First, is Rule 403. In the seminal case of Old Chief v. United States, 519 U.S. 172, 182-83, 117 S. Ct. 644, 651 (1997) the Court described what is essentially a mathematical analysis for weighing alternative methods of proving a point in deciding whether 403 requires exclusion or ‘toning down’ of the challenged evidence:
On objection, the court would decide whether a particular item of evidence raised a danger of unfair prejudice. If it did, the judge would go on to evaluate the degrees of probative value and unfair prejudice not only for the item in question but for any actually available substitutes as well. If an alternative were found to have substantially the same or greater probative value but a lower danger of unfair prejudice, sound judicial discretion would discount the value of the item first offered and exclude it if its discounted probative value were substantially outweighed by unfairly prejudicial risk.
What does that look like? Imagine two ways of proving the injuries sustained by a murder victim – a color photograph of the deceased or a medical examiner’s anatomical drawing. The 403 analysis proposed here has two stages:
Item of evidence | Probativeness (1 to 10) | Unfair Prejudice (1 to 10) |
Anatomical drawing | 10 | 6.5 |
Color photograph | 10 | 9 |
Under the Old Chief calculus, since the alternative [anatomical drawing] has the same probative value, “sound judicial discretion would discount the value of the item first offered and exclude it if its discounted probative value were substantially outweighed by unfairly prejudicial risk.” That looks like this:
Item of evidence | Probativeness (1 to 10) | Unfair Prejudice (1 to 10) |
Anatomical drawing | 10 | 6.5 |
Color photograph | 7 (discounted value) | 9 |
The numbers inserted here are arbitrary ones, but they illustrate the point. The Judge now decides whether the prejudice [9] substantially outweighs the discounted probativeness value [7]. Will a judge want to see numbers in a motion in limine? Maybe not, but an attorney who walks through the process will have a better understanding of, and be better able to articulate, a 403 unfair prejudice analysis.

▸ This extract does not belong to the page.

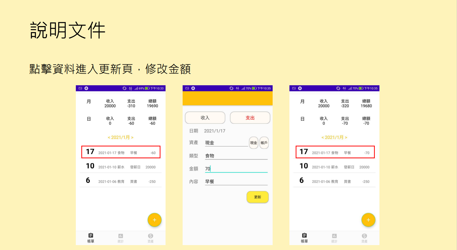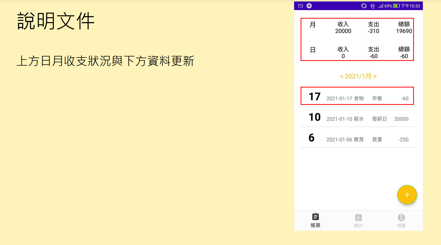 - 點擊下方新增按鈕可新增紀錄,有收支、新增日期、資產類型、金額、內容可以選填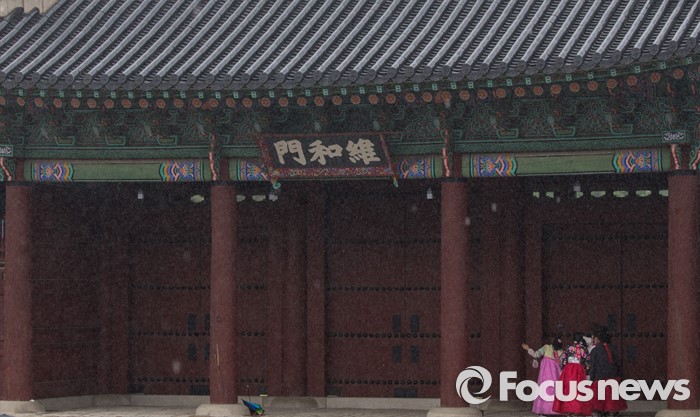 (서울=포커스뉴스) 임시공휴인인 6일 오후 서울 경복궁을 찾은 시민 및 관광객들이 궂은 날씨 속에 궐내 경치를 즐기고 있다.

The same ‘numbers game’ works when a criminal defendant seeks to testify and has prior convictions that do not have deception and dishonesty as elements. Under Federal Rule of Evidence 609, such crimes are admissible only when their probative value outweighs the prejudice to the accused.
Pick a crime. DUI; drug selling; assault in a bar. What is the probative value of each in terms of showing whether a person is untruthful? Each has to be assigned some number, as Congress, by adopting 609, has determined it to have some link to truthful character. But on a scale of 1-10, the numbers will be low – perhaps in the 1-3 range. Now, what is the prejudice? The jury knows that the accused is a criminal, and this has high risk of causing conviction by propensity. Hence, the prejudiced will be in the 8-10 range. The numbers call for exclusion.
This calculus might change if the current offense is relatively minor (e.g. theft) and the criminal conviction is also relatively minor (e.g. DUI). But using numbers will help craft the argument and should inform the analysis.
So – will judges want to hear numeric arguments, or read them in pleadings? Unlikely, but conceivable. But when lawyers begin with numbers, rather than gut-check approaches, their analysis will be more cogent and lead to more persuasive argument.